Gum disease is contributed to poor dental hygiene and if allowed to go untreated for any amount of time, it could very well lead to periodontal disease, a severe form of gum disease. Periodontal disease is characterized by deterioration of the bones and tooth loss. The only prevention of gum disease is good oral dental hygiene. If you are not will to commit enough tough into brushing and flossing your teeth at least twice a day, you will be at risk of developing gum disease.

Tooth Decay

Tooth decay is a common complication of poor dental hygiene. Many people are under the impression that cavities on occur in small children, because their teeth are fragile. This is a huge misconception that will lead to tooth weakened enamel and tooth decay. Consulting with a top dentist in Manhattan is a great place to start. This professional can provide you with tips and the proper tools to improve your oral health.

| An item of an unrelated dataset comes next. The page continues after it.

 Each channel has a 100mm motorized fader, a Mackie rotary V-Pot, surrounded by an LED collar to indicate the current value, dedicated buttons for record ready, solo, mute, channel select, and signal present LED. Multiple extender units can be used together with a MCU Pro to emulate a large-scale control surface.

Just because your teeth are not to the point of decay, does not mean that you have good dental health. In fact, if you do not floss and brush your teeth regularly, you probably have poor dental health. Halitosis or bad breath is a sure sign of bad dental health. The foul odor is in most cases linked to small food particles that get wedged between the teeth. The food particles will produce bacteria over time that will emit chemicals, like hydrogen sulfide, a compound that produces an odor that is similar to rotten eggs.

Heart Disease

According to published clinical studies, poor dental health is linked to heart disease. These studies have revealed that individuals that exhibit poor dental health are two times more likely to develop heart disease at some point in their life. The plaque and bacteria that builds up in the oral cavity will cause the blood to clot, which in turn could lead to a heart attack.

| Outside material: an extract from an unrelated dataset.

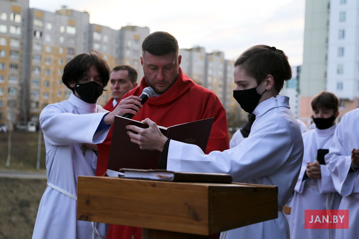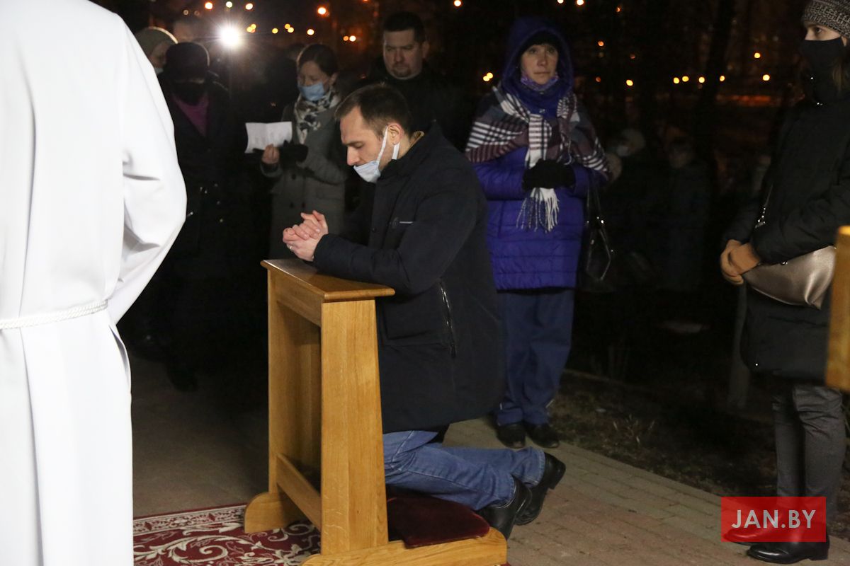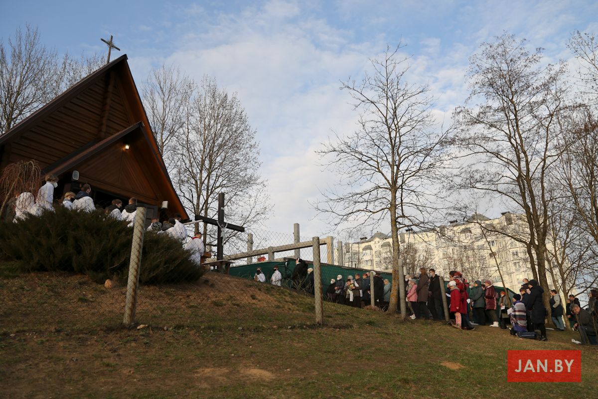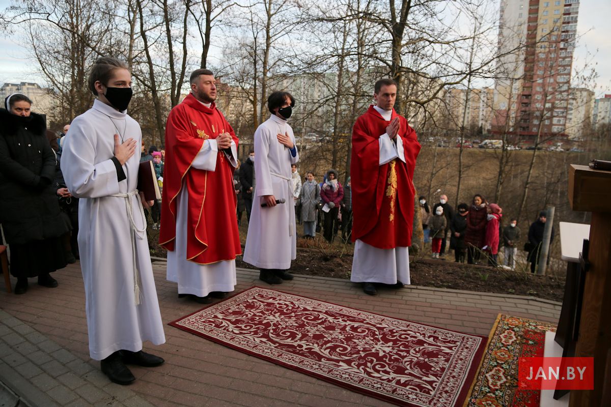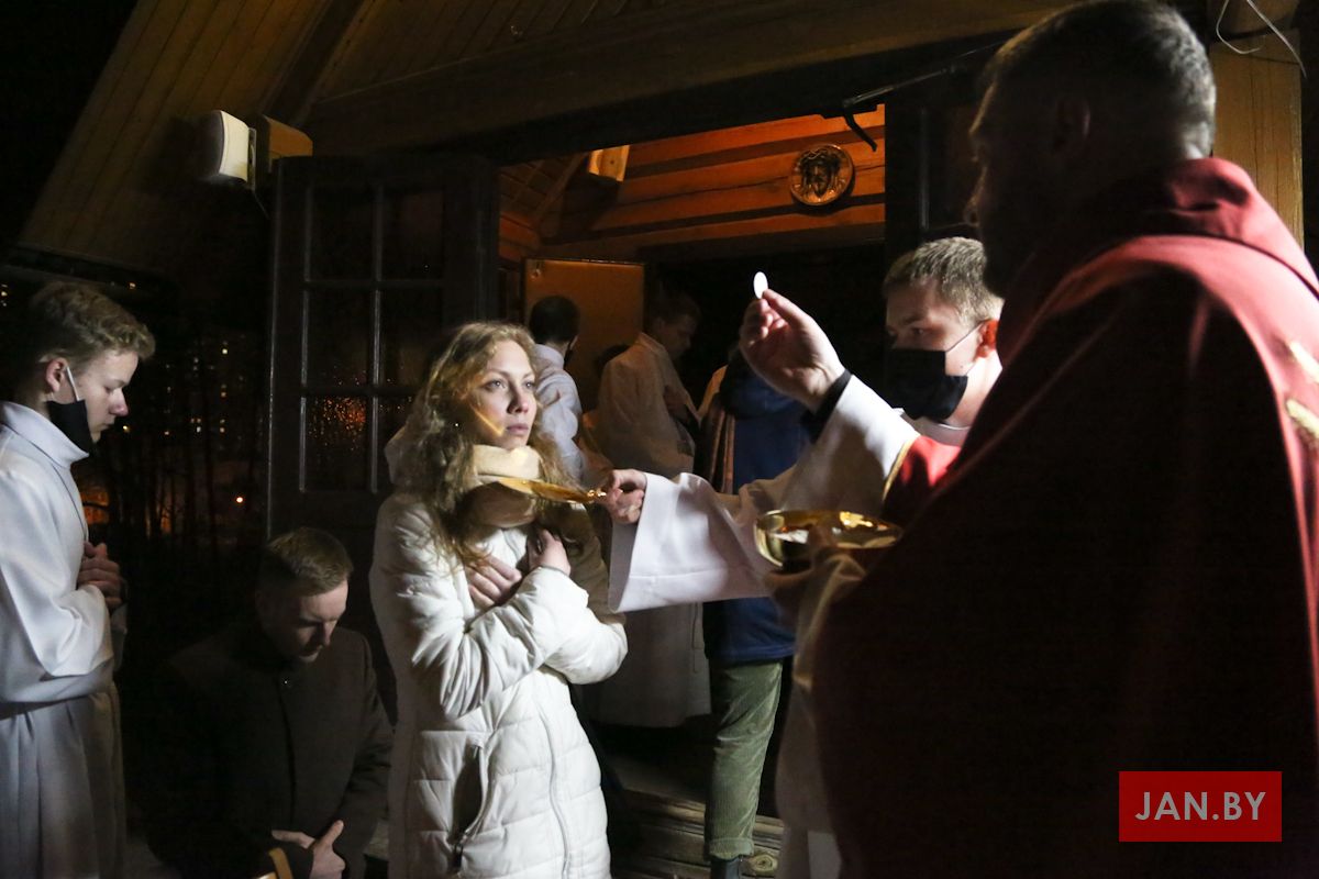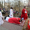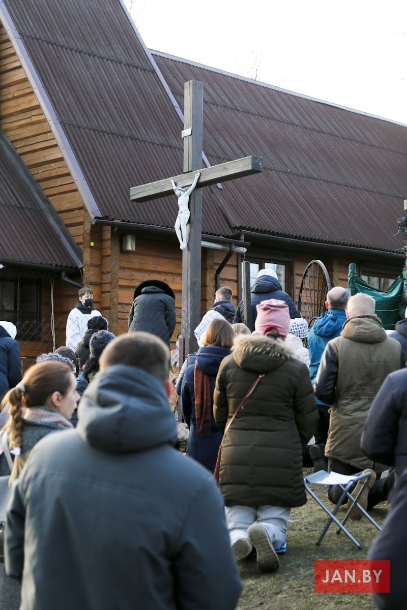 Цэлебрацыю літургіі Мукі Пана ў нашай капліцы ўначаліў пробашч парафіі кс. Алег Шпець SChr. Спачатку святар паклаўся перад алтаром крыжам і пэўны час маліўся ў маўчанні. Затым, падобна як у Пальмовую нядзелю, чыталася па ралях Евангелле з апісаннем Мукі Хрыста.

The same disease-causing bacterium that is linked to a heart attack is also associated with a stroke. The bacteria will move into the bloodstream and clots to form in the major arteries, such as the carotid artery. This very important blood vessel delivers blood to both the head and brain, when it becomes clogged oxygen rich blood will not be delivered to the brain. The end result is a stroke, which could have been prevented, if only you would have brushed and brushed your teeth properly.

Respiratory Ailments

Once gum disease has progressed into periodontal disease, it will put you at risk of respiratory ailments. The bacteria and infection will move through the bloodstream to the respiratory system, leading to acute bronchitis and pneumonia.